Z-Score Standardization
Centered-reduced transformation that subtracts the mean and divides by the standard deviation, resulting in a distribution with mean 0 and standard deviation 1 to make variables comparable.
Box-Cox Transformation
Parametric transformation that applies an optimized power λ to positive data to stabilize variance and normalize the distribution, particularly effective for right-skewed data.
Yeo-Johnson Transformation
Extension of Box-Cox that handles negative and zero values, using different formulas based on the sign of x to normalize distributions while preserving interpretability.

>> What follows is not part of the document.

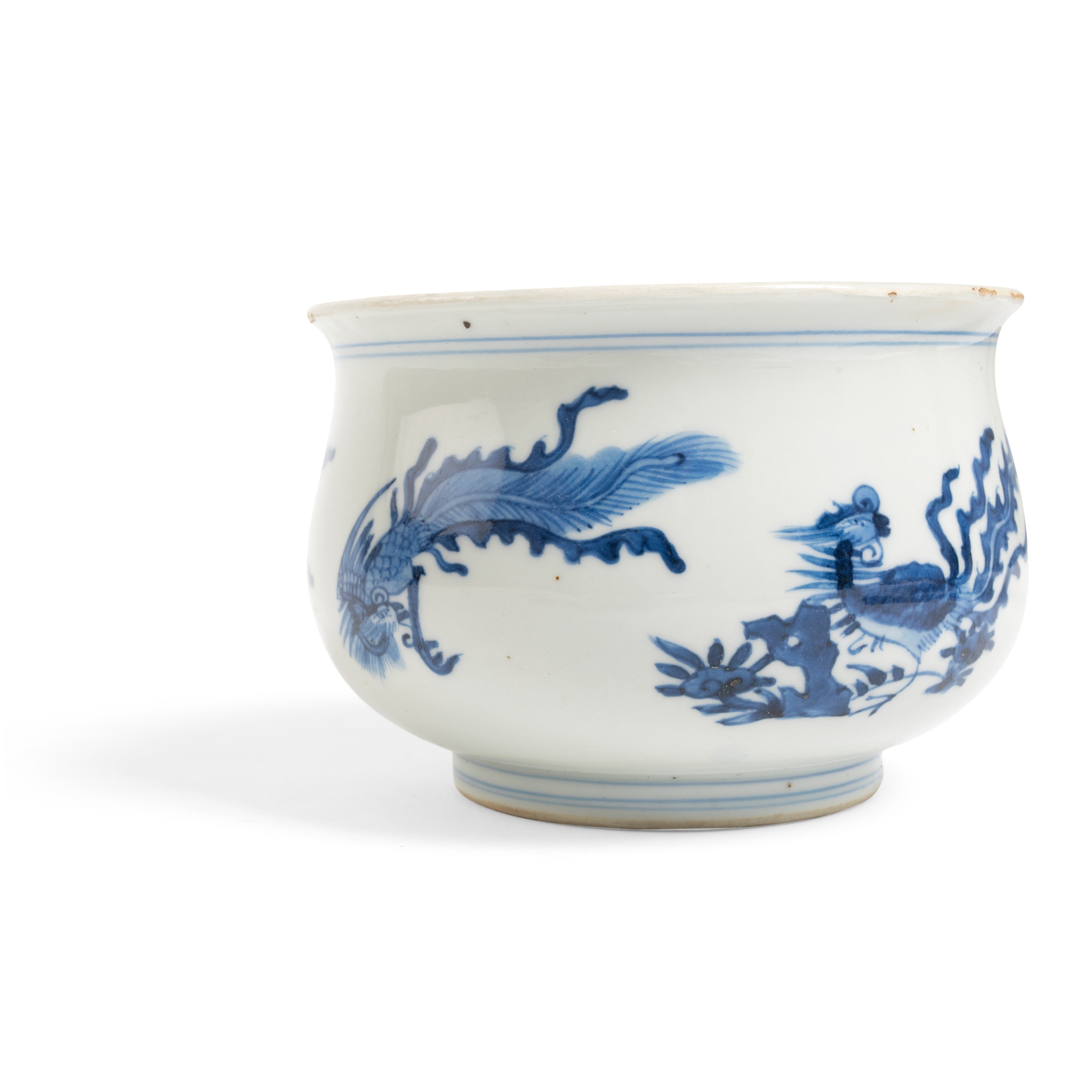 of compressed globular form, painted on the exterior with two pairs of phoenixes, one diving down with the elaborate tails above, two flying horizontally in graceful manner, the fourth one standing beside a rock

Logarithmic Transformation
Application of a logarithmic function (usually natural or base 10) to compress scales, reduce skewness, and transform multiplicative relationships into additive ones.
Quantile Transformation
Non-parametric mapping that transforms variables to follow a specific distribution (uniform or Gaussian) using empirical quantiles, robust to extreme values.
Robust Scaler
Scaling method using the median and interquartile range (IQR) instead of the mean and standard deviation, resistant to outliers and non-Gaussian distributions.
Winsorization
Technique for limiting extreme values by replacing observations beyond certain quantiles (typically 1st and 99th percentiles) with these threshold values to reduce the impact of outliers.
Square root transformation
Application of a √x transformation to moderate right skewness, particularly useful for count data or variables following a Poisson distribution.
Unit Vector Scaling
Normalization that divides each vector by its Euclidean norm to obtain unit magnitude, commonly used in text processing and similarity analysis.
Arcsine transformation
Application of arcsin(√x) to proportions or probabilities to stabilize variance and normalize distributions bounded between 0 and 1, particularly in meta-genetics and ecology.
Decimal Scaling
Normalization method that divides values by a power of 10 (10^j) where j is the smallest integer such that max(|x|/10^j) < 1, preserving signs and proportional relationships.
Inverse transformation
Application of the 1/x function to transform distributions with long right tails, particularly effective for variables representing rates or ratios.
Power Transformation
Family of transformations x^λ where λ is an adjustable parameter, encompassing square root (λ=0.5), square (λ=2) and other transformations to model non-linear relationships.
Clipping
Limiting values to a predefined interval by replacing extreme values with upper or lower bounds, a simple alternative to winsorization for outlier treatment.
Adaptive binning
Discretization that creates bins of variable width based on data distribution (quantiles) or statistical criteria, better capturing local structures of continuous data.
Sinusoidal transformation
Application of trigonometric functions to capture cyclical or periodic patterns in temporal data, transforming linear relationships into oscillatory behaviors.